Estrutura de dados: os dados são lineares (codificados em vetores, tabelas, matrizes, coleções etc.)? São temporais (mudam com o tempo)? São geográficos ou espaciais (possuem correspondência com algo físico, como mapas, plantas, projeções de terreno etc.)? São hierárquicos (sugerem organizações, diretórios, genealogias etc.)? Ou são em forma de redes (descrevem relacionamento entre entidades)?
Tipo de interação: a visualização é estática (imagem impressa fisicamente ou em tela de computadores)? Transformável (usuário altera parâmetros que modificam e transformam os dados)? Ou é manipulável (usuário tem possibilidade de girar elementos 3D, aplicar zoom)?
Problema |
Tipo de dado |
Dimensões |
Estrutura de dados |
Tipo de interação |
---|---|---|---|---|
comunicar |
quantitativo |
univariado |
linear |
estático |
3.1.4.1. Exemplo 1: visualizando o número de cirurgias e partos por bloco#
import seaborn as sns
# reindexação
df_h2 = df_h.reset_index()
# conversão do tipo de dados
df_h2['Cirurgias'] = df_h2['Cirurgias'].astype(int)
df_h2['Partos'] = df_h2['Partos'].astype(int)
# plotagem principal
fig, ax = plt.subplots(1,2,figsize=(10,2))
ax[0].grid(alpha=0.5)
ax[1].grid(alpha=0.5)
p1 = sns.barplot(x='Bloco', y='Cirurgias', hue='Porte', data=df_h2, errorbar=None, palette='Blues', ax=ax[0])
p2 = sns.barplot(x='Bloco', y='Partos', hue='Porte', data=df_h2, errorbar=None, palette='Blues', ax=ax[1])
# eixos
p1.spines['top'].set_visible(False)
p1.spines['right'].set_visible(False)
p1.spines['bottom'].set_position(('axes', -0.1))
p2.spines['top'].set_visible(False)
p2.spines['right'].set_visible(False)
p2.spines['bottom'].set_position(('axes', -0.1))
# legenda
p1.get_legend().remove()
p2.legend(title='Porte',bbox_to_anchor=(1.2,1.0));
![../_images/03a-estetica_27_0.png](../_images/03a-estetica_27_0.png)
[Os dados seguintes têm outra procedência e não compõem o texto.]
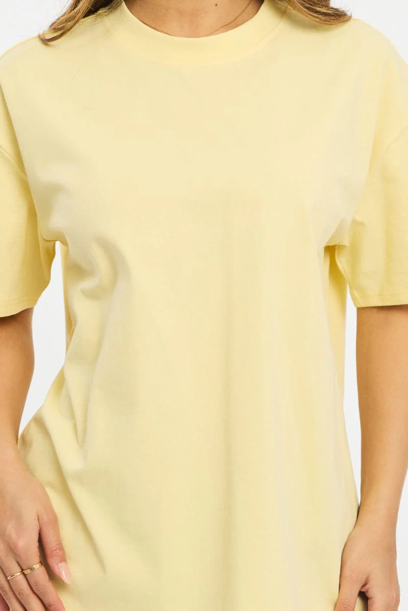 Yellow Top Short Sleeve Gathered Bust Pleated Detail
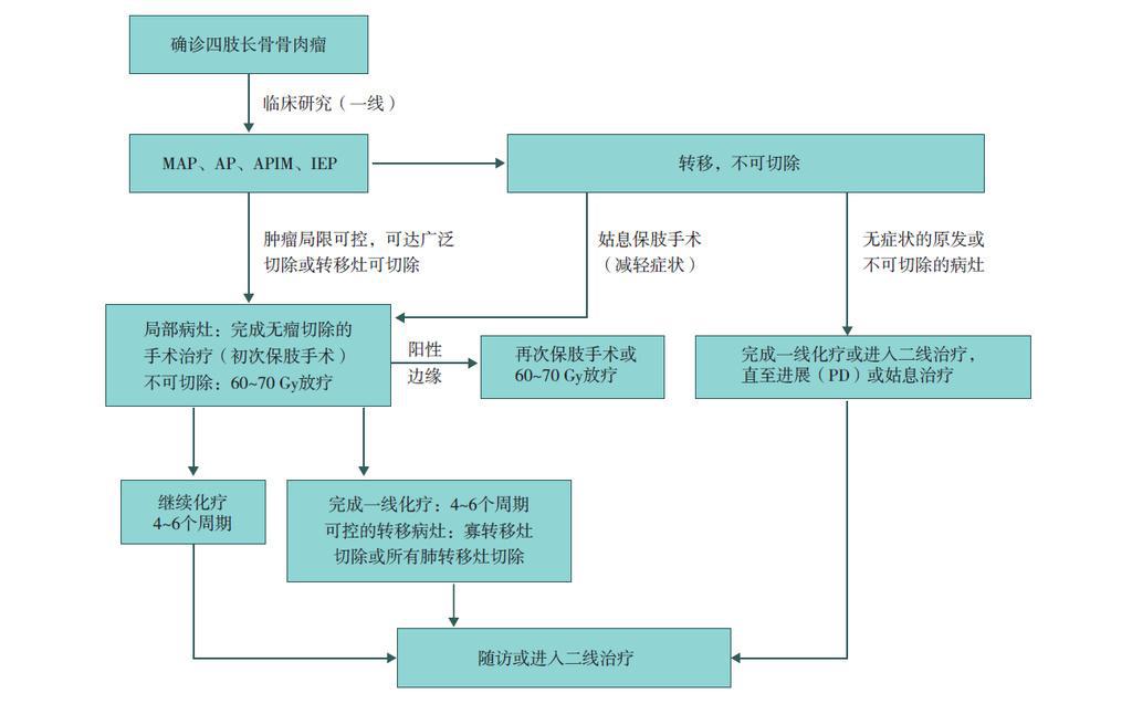 保肢治療指經(jīng)典型骨肉瘤在多學科團隊醫(yī)生共同努力下完成的新輔助化療、保肢手術(shù)和輔助化療等一系列治療總稱,其目的是在提高患者生存率的前提下,減少局部復發(fā)、盡量保留良好的肢體功能。肢體經(jīng)典型骨肉瘤保肢治療方法如下圖所示:

3.1.4.2. Exemplo 2: plotando série temporal de temperatura#
import numpy as np
df_hours = df_t['date'][0::60].index
df_ti = df_t.iloc[df_hours][:48]
fig, ax = plt.subplots(figsize=(14,2))
ax.plot(df_ti['mean'],c='#be5631',lw=1.5)
da = np.array(list((df_ti['mean'].index)))
db = np.array(2*[str(i) + 'h' for i in range(0,24)])
ax.set_xticks(da,db,fontsize=7)
half = int(len(da)/2)
ax.axvline(0,ls='--',lw=1,c='#d1886e',alpha=0.4)
ax.axvline(da[half],ls='--',lw=1,c='#d1886e',alpha=0.4)
ax.grid(axis='y',ls=':',c='k',alpha=0.4)
ax.set_xlabel('Tempo',fontsize=9)
ax.set_ylabel('Temperatura',fontsize=9)
ax.text(10,-4,s='01/04/2014',fontsize=8,c='#d1886e')
ax.text(1450,-4,s='02/04/2014',fontsize=8,c='#d1886e');
![../_images/03a-estetica_29_0.png](../_images/03a-estetica_29_0.png)
3.2. Referências#
- Maz09
Riccardo Mazza. Introduction to information visualization. Springer Science & Business Media, 2009.